▶ **What you have to do**
Copy out and return the lines from the one holding "Un Schnoodle au" to the end of the listing below, both included, omitting the pictures.

▶ **Records provided**

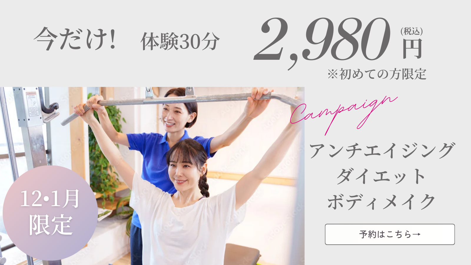 | トレーニング30分を8回受ける事が出来ます ご自身のペースで予約可能です | 整体30分とトレーニング30分のコースを8回受ける事が出来ます |
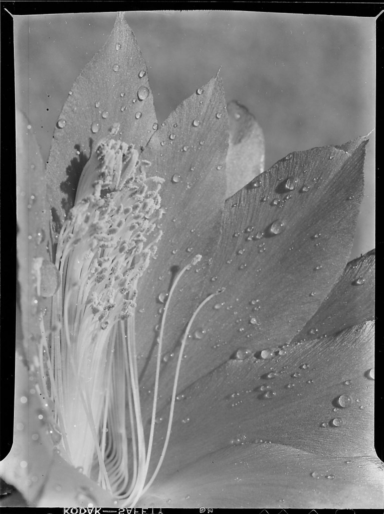 We’ve seen a few flower images from Joel in color on Kodachrome in the past. This is the first time I’m finding B&W press format image in macro style. Joel is shooting pretty much a 1:1 image, this means, a lot of bellows draw on the camera and the need to apply exposure compensation. That was all part of the arsenal of tools a photographer was required to learn at the time.
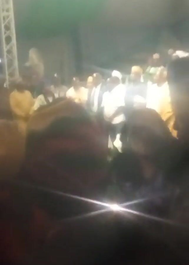 crowd of people gathered under a canopy, presumably for an event. Many individuals are wearing white, suggesting a formal or cultural occasion. There are large flags hanging from the scaffolding, and a banner with a person's face is visible in the background. A large fan is also noticeable, indicating warm conditions. The camera is shaky, giving a sense of being handheld and potentially moving through the crowd. The overall environment seems busy and lively.
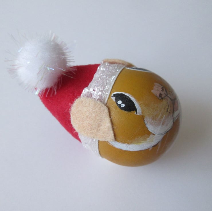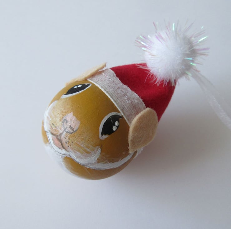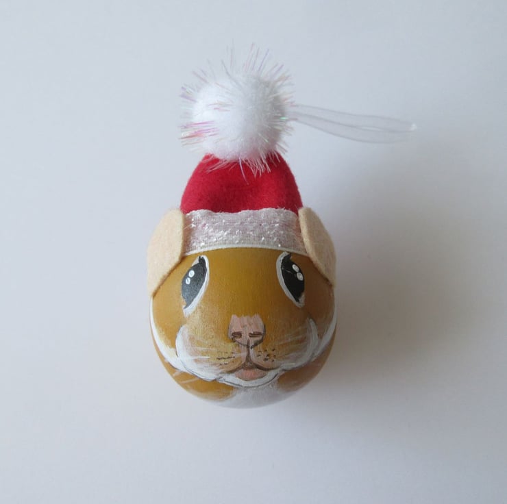 The hamster is wearing a hand made Santa hat, with a ribbon loop so that it can easily hung.
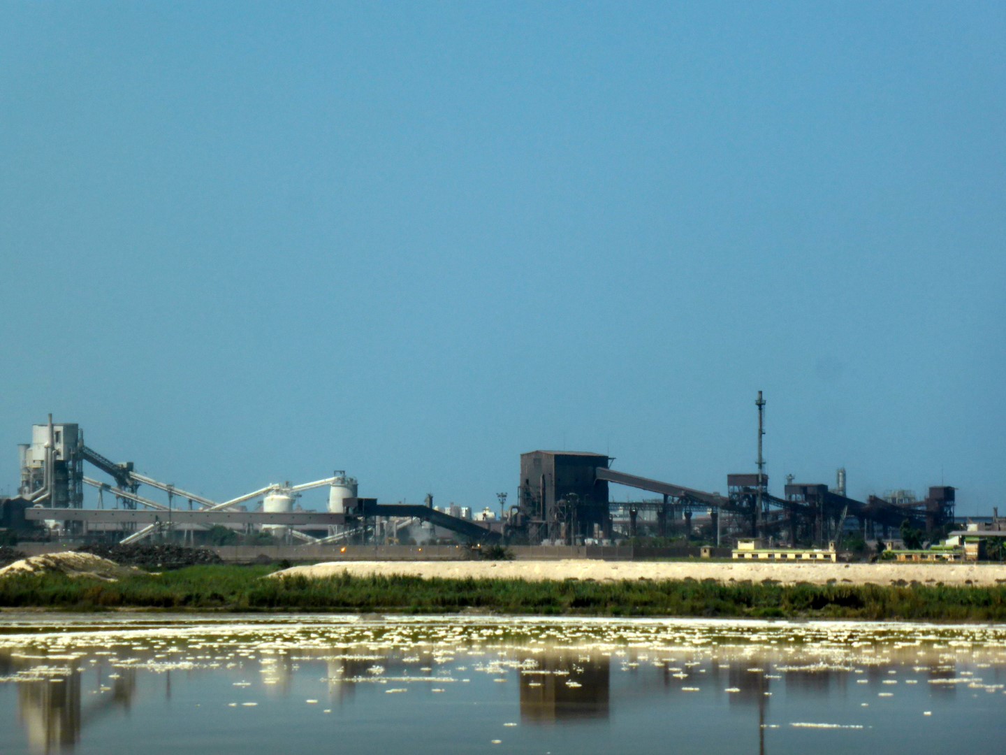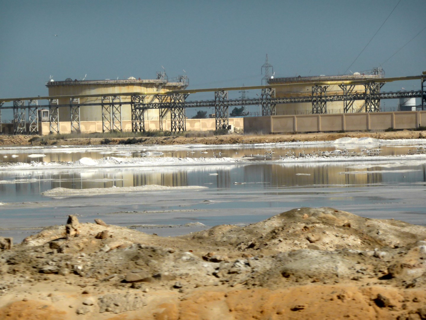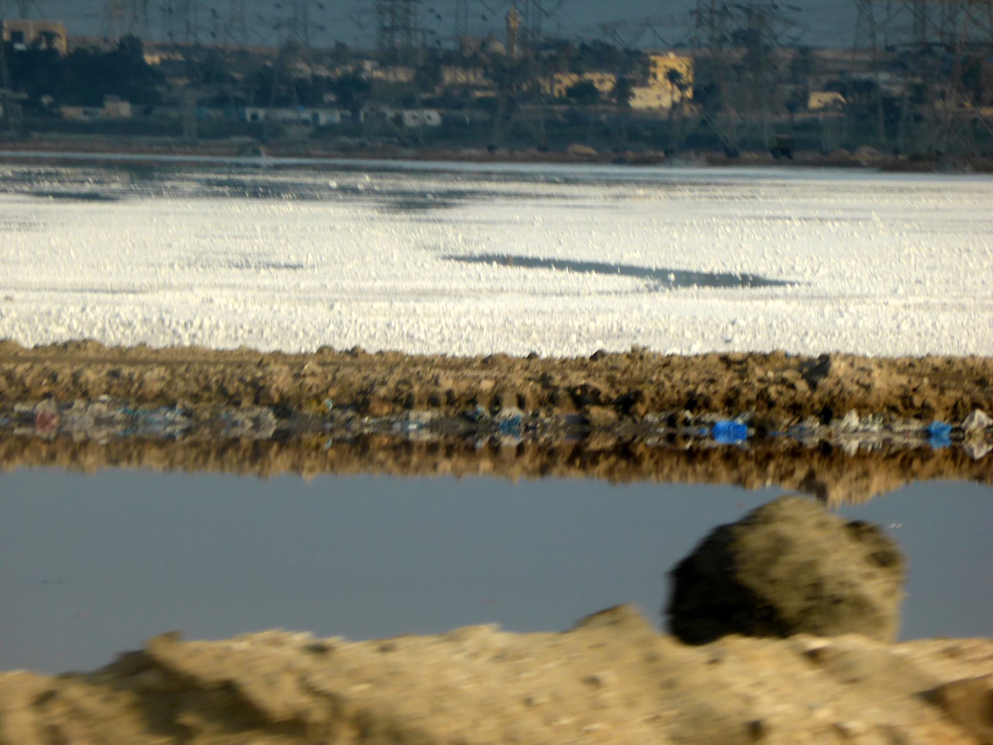 Es ist immer wieder faszinierend, wie sich im Lauf der Zeit die Farbe des Wasser verändert. Am Beginn noch gewohnt grünlich, dann mit zunehmender Konzentration des Salzes, von rosa bis violett schimmernd. Salzinseln entstehen und bilden im Laufe der Zeit eine einzige, mit Rissen durchzogene, weiße-graue Fläche. Gerade im besonderen Licht des Nachmittags, im Hintergrund die Industrieanlagen, Gasabfackeltürmen und der Skyline von Alexandria, die perfekte Kulisse für einen Futurfilm.
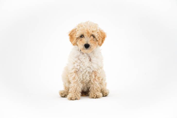 Un Schnoodle au pelage abricot se tenant assis sur un fond blanc
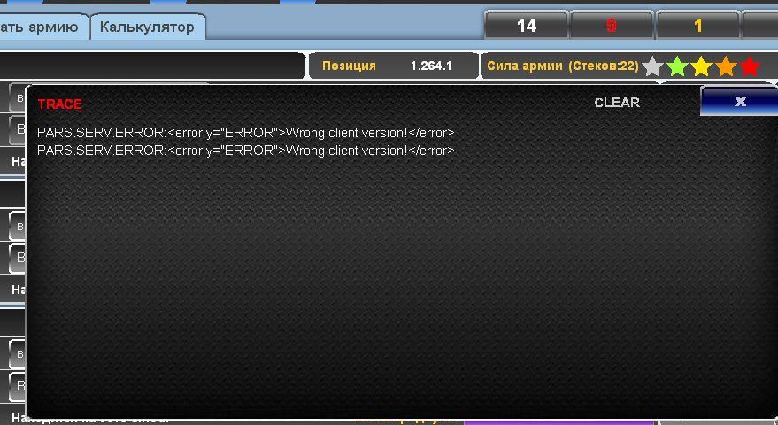 PARS.SERV.ERROR:<error y="ERROR">Wrong client version!</error>
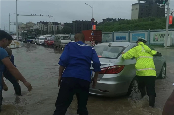 兴隆一路海岸路桥洞子是个水窝子,暴雨积水至两辆车抛锚水中。雨越下越大,水越积越深,巡逻至此的交警疏导车辆蹚水 走进桥底,与其他热心群众一起将两辆抛锚车辆推出,一句“感谢”,是人民群众对交警最大认可。
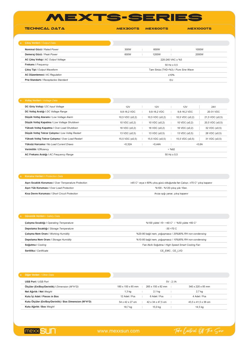 MEXXSUN 12 VOLT 1000 WATT TAM SİNUS İNVERTERLER

▶ **Response box**
 Un Schnoodle au pelage abricot se tenant assis sur un fond blanc
 PARS.SERV.ERROR:<error y="ERROR">Wrong client version!</error>
 兴隆一路海岸路桥洞子是个水窝子,暴雨积水至两辆车抛锚水中。雨越下越大,水越积越深,巡逻至此的交警疏导车辆蹚水 走进桥底,与其他热心群众一起将两辆抛锚车辆推出,一句“感谢”,是人民群众对交警最大认可。
 MEXXSUN 12 VOLT 1000 WATT TAM SİNUS İNVERTERLER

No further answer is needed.